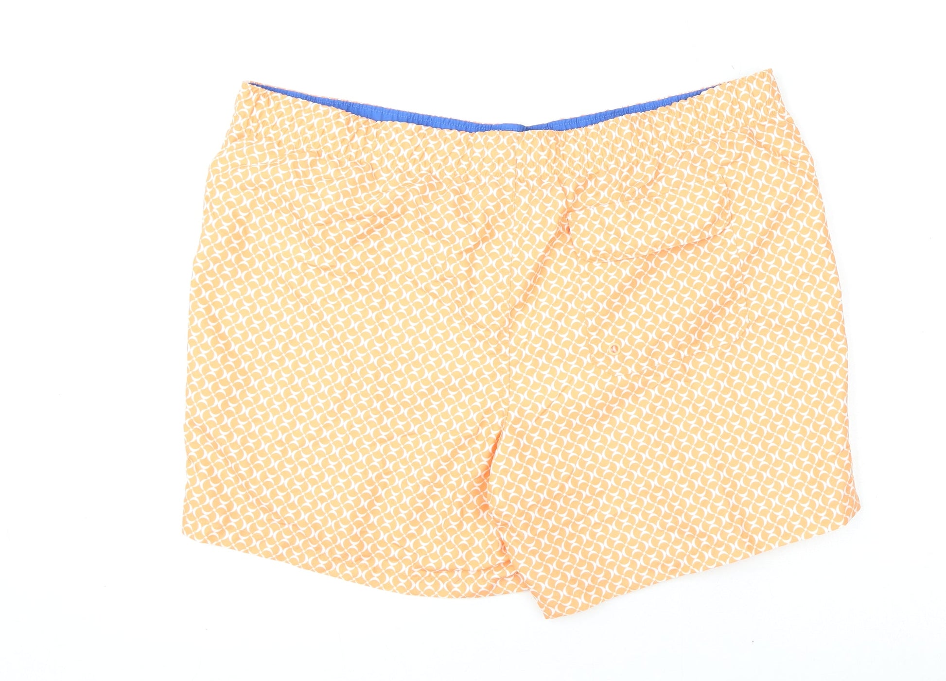Marks and Spencer Mens Orange Geometric Polyester Bermuda Shorts Size 2XL L6 in Regular Drawstring - Swim Shorts
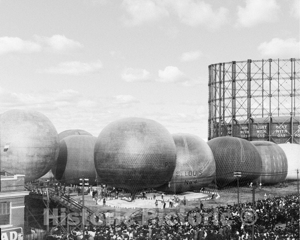 St. Louis Historic Black & White Photo, Centennial Balloon Race, c1909 -
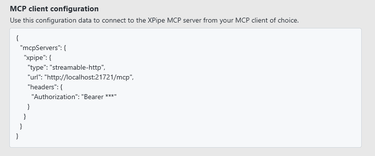Note that the streamable HTTP transport protocol is required. This is relatively new and might not be supported by all clients yet. If your MCP client only supports the SSE transport, then you won't be able to connect to the XPipe MCP server. If you can only enter the URL and do not have an option to choose between different protocols, it is likely that only SSE is supported. XPipe will show an error message if a client attempts to connect via SSE.
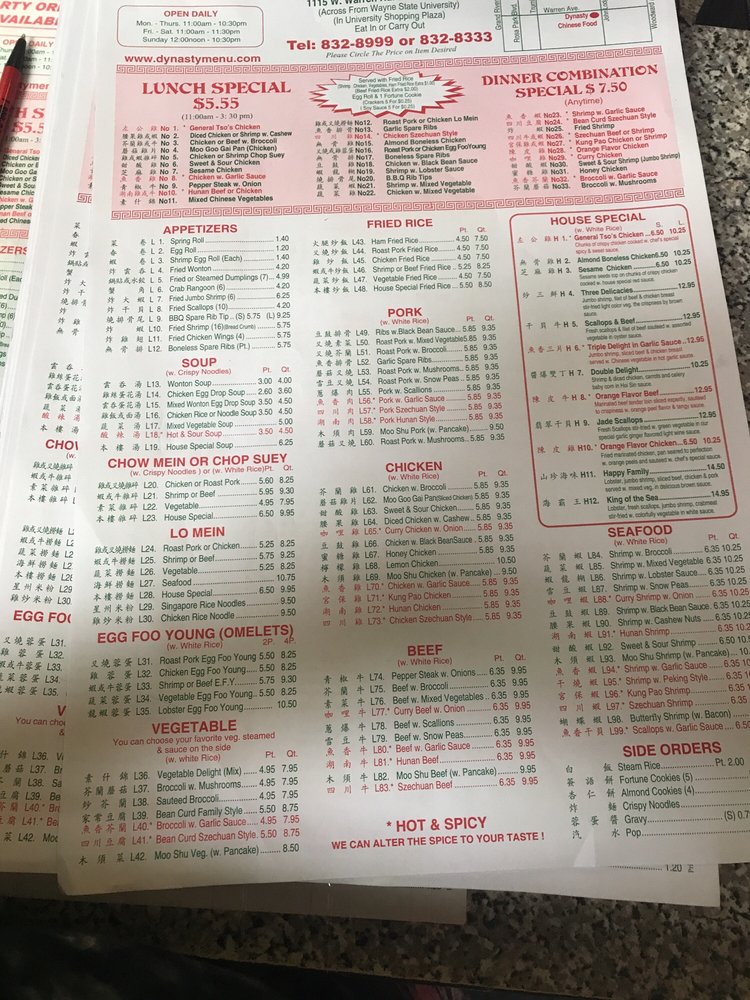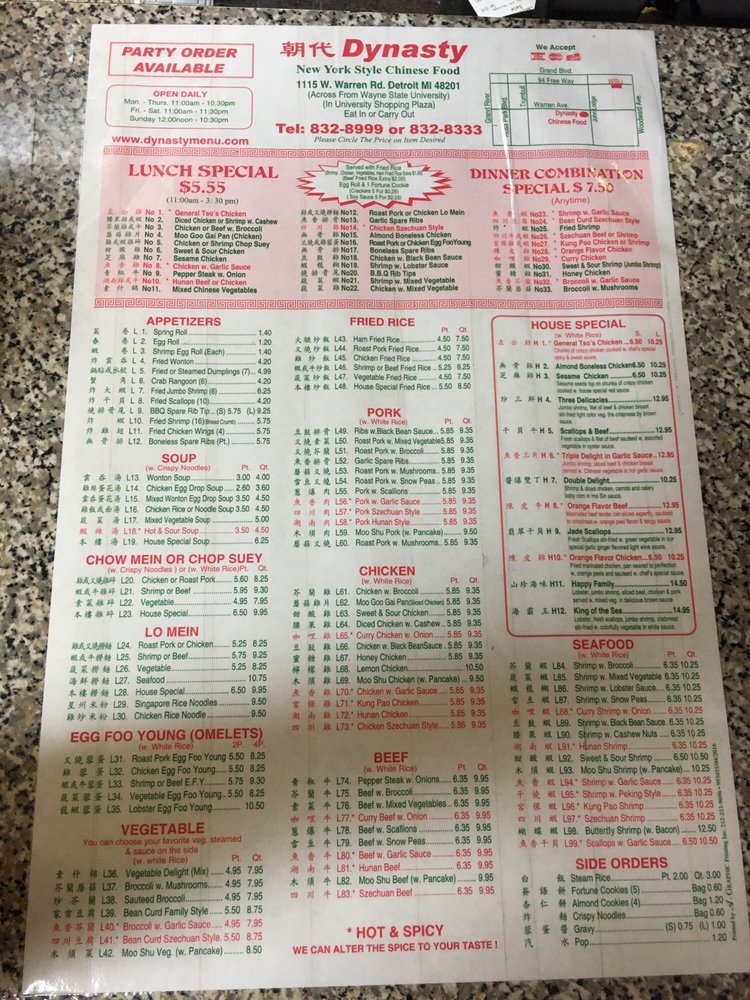 Dynasty Chinese Food offers a wide range of Chinese cuisine options and is located in Detroit, MI. The menu includes dinner combos like Almond Boneless Chicken and Beef with Broccoli, appetizers such as Crab Rangoons and Chicken Egg Rolls, and flavorful soups like Hot and Sour Soup. Customers praise the food quality, generous portions, and friendly staff. The restaurant is popular among Wayne State University members and is known for its quick service and affordable prices. Dynasty Chinese Food provides a cozy atmosphere with plenty of seating options, making it a great choice for casual dining or takeout. Don't miss out on trying their delicious dishes and experiencing the best Chinese food in the city.
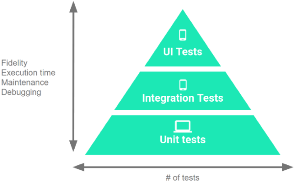 谷歌建议将测试的分布定为 70%的单元测试、20%的集成测试和 10%的大型测试,占比较小的部分需要更长的执行时间、维护时间和实施时间。
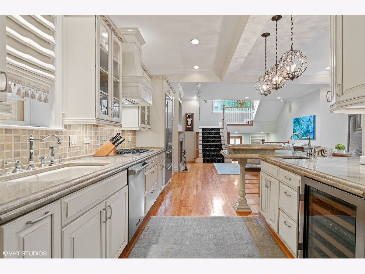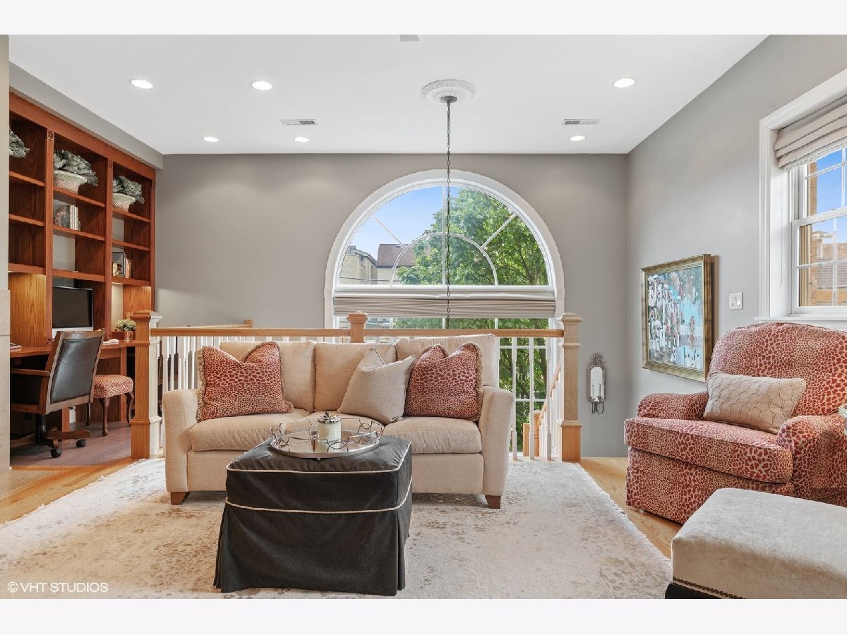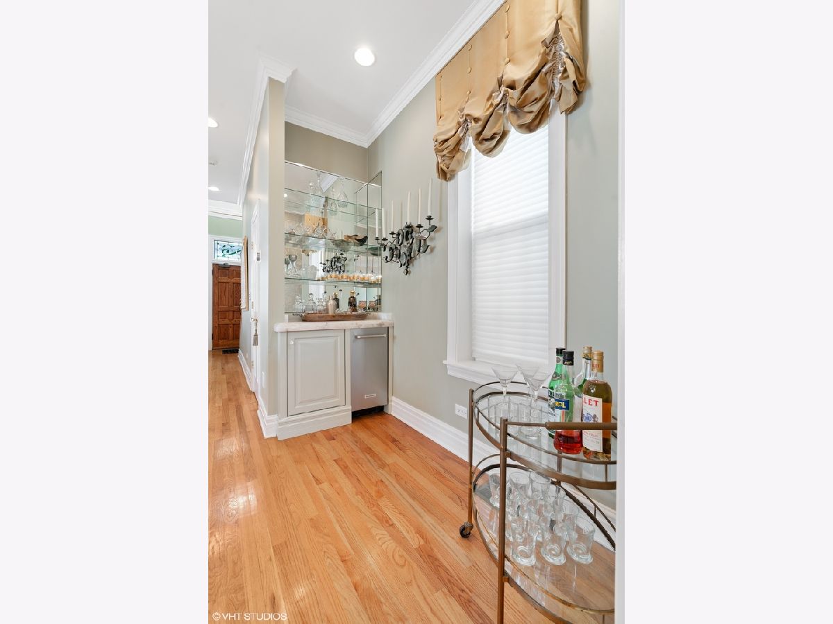 Stunning curb appeal and upgrades abound in this stately 5 bedroom/4.1 bathroom classic Chicago brick home ideally located in the heart of the Southport Corridor and Burley school district. Meticulously preserved and updated with today's living in mind, this gorgeous residence features a beautifully designed front porch with copper roof, ceiling detail and gas lantern lighting, custom millwork, built-ins and cabinetry throughout, numerous a/v upgrades, abundant natural light, timeless finishes and fixtures, custom lighting and beautifully manicured outdoor spaces. The main floor offers a formal living room with fireplace, separate dining room with custom built-in bar with gorgeous, quartzite countertop and floating mirrored shelving. The custom designed kitchen boasts commercial grade SubZero and Thermador appliances, quartzite countertops with detailed edging, generous storage overlooking an expansive great room with fireplace, built-ins and stairwell atrium that leads to a large mudroom ideally positioned for access to the backyard and garage. There are 2 staircases to the top floors of the home, including a sweeping rear staircase with massive windows allowing for dramatic ambiance and leads to the 2nd floor lofted library boasting grand built-in desks, shelving and an additional fireplace. The 2nd level also offers 3 large bedrooms, including 1 room with ensuite bathroom with a soaking tub, marble countertops and impeccable finishes, 2 additional large bedrooms each with built-ins/desks and large closets and a side by side laundry area complete this level. The top floor boasts an elegant primary retreat complete with separate office/sitting room that offers the ideal work-from-home layout complete with storage, built in television and overlooks the outdoor terrace with partial skyline views. The primary bedroom and bathroom offer a large walk-in closet, spa-like bathroom with separate soaking tub, gorgeous finishes and fixtures, dual vanity with storage and separate shower. The lower level features an oversized family room, 700 bottle wine cellar with custom built-in racks, dry bar with refrigerator, additional bedroom, full bathroom with shower and stunning subway tile and a plethora of storage closets/rooms. The back patio is an entertainer's dream featuring professionally designed landscape architecture, pavers, built-in grill including gas grill and a Green Egg and flanked with a brick fireplace with limestone mantle. Newer lot line to lot line 2.5 car masonry garage with additional storage. All right around the corner from the Southport Corridor's vibrant dining and shopping scene, transportation, health clubs, grocery stores including Whole Foods and a block from Margaret Donahue Park.

+ + + + +

Task instructions:
An exact copy of all the data above is required; omit any pictures.

Result of this task:
Marks and Spencer Mens Orange Geometric Polyester Bermuda Shorts Size 2XL L6 in Regular Drawstring - Swim Shorts
 St. Louis Historic Black & White Photo, Centennial Balloon Race, c1909 -
Note that the streamable HTTP transport protocol is required. This is relatively new and might not be supported by all clients yet. If your MCP client only supports the SSE transport, then you won't be able to connect to the XPipe MCP server. If you can only enter the URL and do not have an option to choose between different protocols, it is likely that only SSE is supported. XPipe will show an error message if a client attempts to connect via SSE.
 Dynasty Chinese Food offers a wide range of Chinese cuisine options and is located in Detroit, MI. The menu includes dinner combos like Almond Boneless Chicken and Beef with Broccoli, appetizers such as Crab Rangoons and Chicken Egg Rolls, and flavorful soups like Hot and Sour Soup. Customers praise the food quality, generous portions, and friendly staff. The restaurant is popular among Wayne State University members and is known for its quick service and affordable prices. Dynasty Chinese Food provides a cozy atmosphere with plenty of seating options, making it a great choice for casual dining or takeout. Don't miss out on trying their delicious dishes and experiencing the best Chinese food in the city.
 谷歌建议将测试的分布定为 70%的单元测试、20%的集成测试和 10%的大型测试,占比较小的部分需要更长的执行时间、维护时间和实施时间。
 Stunning curb appeal and upgrades abound in this stately 5 bedroom/4.1 bathroom classic Chicago brick home ideally located in the heart of the Southport Corridor and Burley school district. Meticulously preserved and updated with today's living in mind, this gorgeous residence features a beautifully designed front porch with copper roof, ceiling detail and gas lantern lighting, custom millwork, built-ins and cabinetry throughout, numerous a/v upgrades, abundant natural light, timeless finishes and fixtures, custom lighting and beautifully manicured outdoor spaces. The main floor offers a formal living room with fireplace, separate dining room with custom built-in bar with gorgeous, quartzite countertop and floating mirrored shelving. The custom designed kitchen boasts commercial grade SubZero and Thermador appliances, quartzite countertops with detailed edging, generous storage overlooking an expansive great room with fireplace, built-ins and stairwell atrium that leads to a large mudroom ideally positioned for access to the backyard and garage. There are 2 staircases to the top floors of the home, including a sweeping rear staircase with massive windows allowing for dramatic ambiance and leads to the 2nd floor lofted library boasting grand built-in desks, shelving and an additional fireplace. The 2nd level also offers 3 large bedrooms, including 1 room with ensuite bathroom with a soaking tub, marble countertops and impeccable finishes, 2 additional large bedrooms each with built-ins/desks and large closets and a side by side laundry area complete this level. The top floor boasts an elegant primary retreat complete with separate office/sitting room that offers the ideal work-from-home layout complete with storage, built in television and overlooks the outdoor terrace with partial skyline views. The primary bedroom and bathroom offer a large walk-in closet, spa-like bathroom with separate soaking tub, gorgeous finishes and fixtures, dual vanity with storage and separate shower. The lower level features an oversized family room, 700 bottle wine cellar with custom built-in racks, dry bar with refrigerator, additional bedroom, full bathroom with shower and stunning subway tile and a plethora of storage closets/rooms. The back patio is an entertainer's dream featuring professionally designed landscape architecture, pavers, built-in grill including gas grill and a Green Egg and flanked with a brick fireplace with limestone mantle. Newer lot line to lot line 2.5 car masonry garage with additional storage. All right around the corner from the Southport Corridor's vibrant dining and shopping scene, transportation, health clubs, grocery stores including Whole Foods and a block from Margaret Donahue Park.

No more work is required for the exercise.